I am just back from a trip to France and full of what-ifs about what might have prevented or shortened the suffering there in World War II:
What if Hitler had been accepted into art school in Berlin? He turned his attention elsewhere after the second rejection.
What if there had not been an unexpected storm that affected the D-Day landing at Omaha Beach on June 6th, 1944, sickening the troops and preventing some vessels from reaching the shore, leaving some to drown before they could even set foot on land? It was originally planned, we learned, for a few days earlier, but previous storms postponed it. Gen. Eisenhower was quoted as saying he had to make his decision to go ahead or postpone again in 30 seconds. Postponing might have meant a one-month delay before the next full moon, we were told.

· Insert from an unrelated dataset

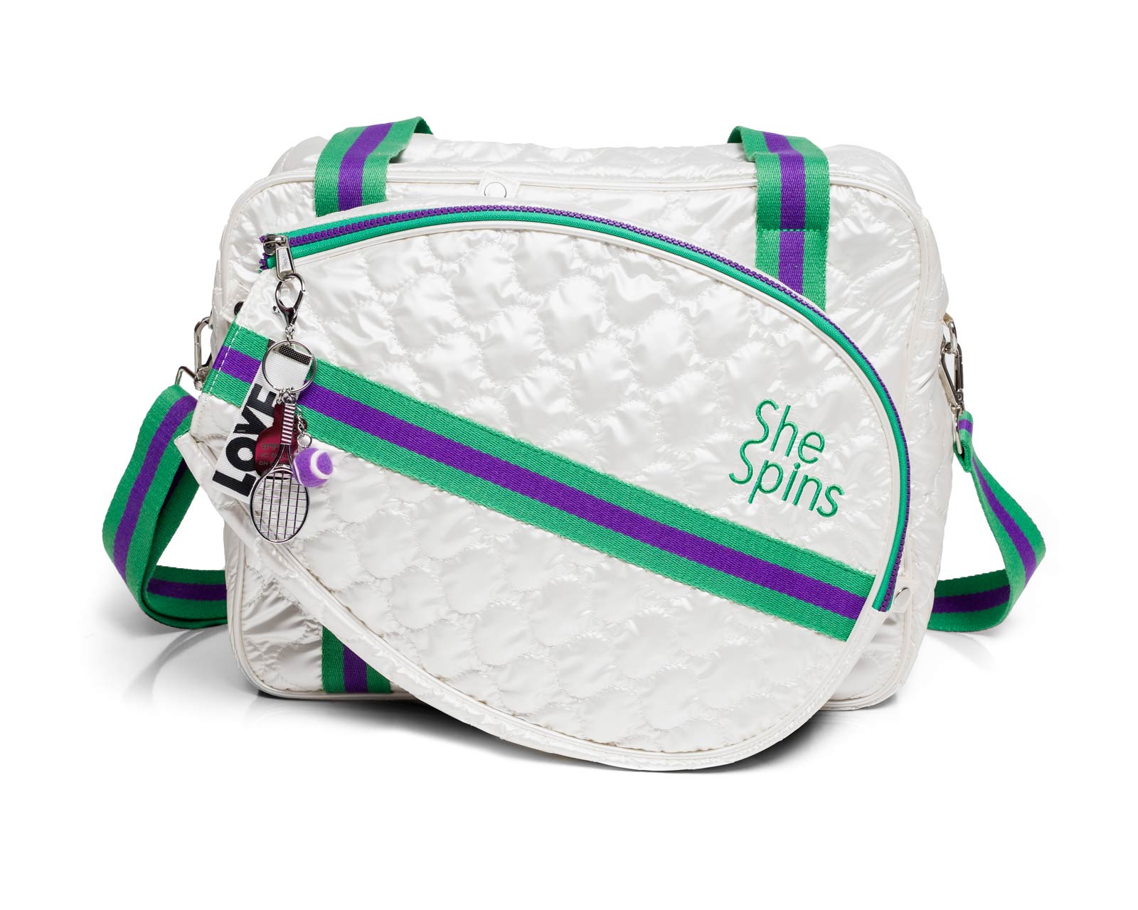 The fashionable bag comes with a matching racket sleeve that can hold up to two rackets. The racket holder can be clipped to the bag or carried on its own using the detachable crossbody strap. If you want to carry your racket solo, don’t worry, the sleeve has pockets for your phone, keys, etc.

What if there had not been another storm on June 14th that destroyed one of two gigantic floating docks that were meant to feed and supply the troops who landed, who totaled one million by July 4th, creating a logistical nightmare?
What if German Field Marshall Rommell hadn’t taken some time away to celebrate his wife’s birthday?
What if the plot depicted in the film “Valkyrie” had succeeded? A group of German officers tried to assassinate Hitler in 1944 and just barely failed. But that was little late. What if others tried sooner and had succeeded?
What if the powers that be had not chopped up Europe after WWI, denying that leaving the Germans humiliated and economically devastated would create bigger trouble?
As our forces planned to weaken the Nazis’ strength in Normandy by bombing the cities there to pieces before D-Day, what if the leaflets meant to warn the inhabitants had not blown off course so that they had no warning? Weather again.
What if the rest of the world had not found the tales of what was really going on early in the Nazis’ rise to power outlandish and impossible to believe? Denial again.
What if the U.S. and other Allies had not intervened? Our European guides firmly believe that the Nazis would have taken and kept power, and the world, even as troubled as it seems right now, would be an entirely different and unrecognizable place.
Which leaves me wondering, despite my lifelong affection for pacifism, what if it sometimes just does not apply? Our trip went on to good French food, attempts to speak the language, chateaus, and the good life. But what if good old France wasn’t there anymore, I now wonder.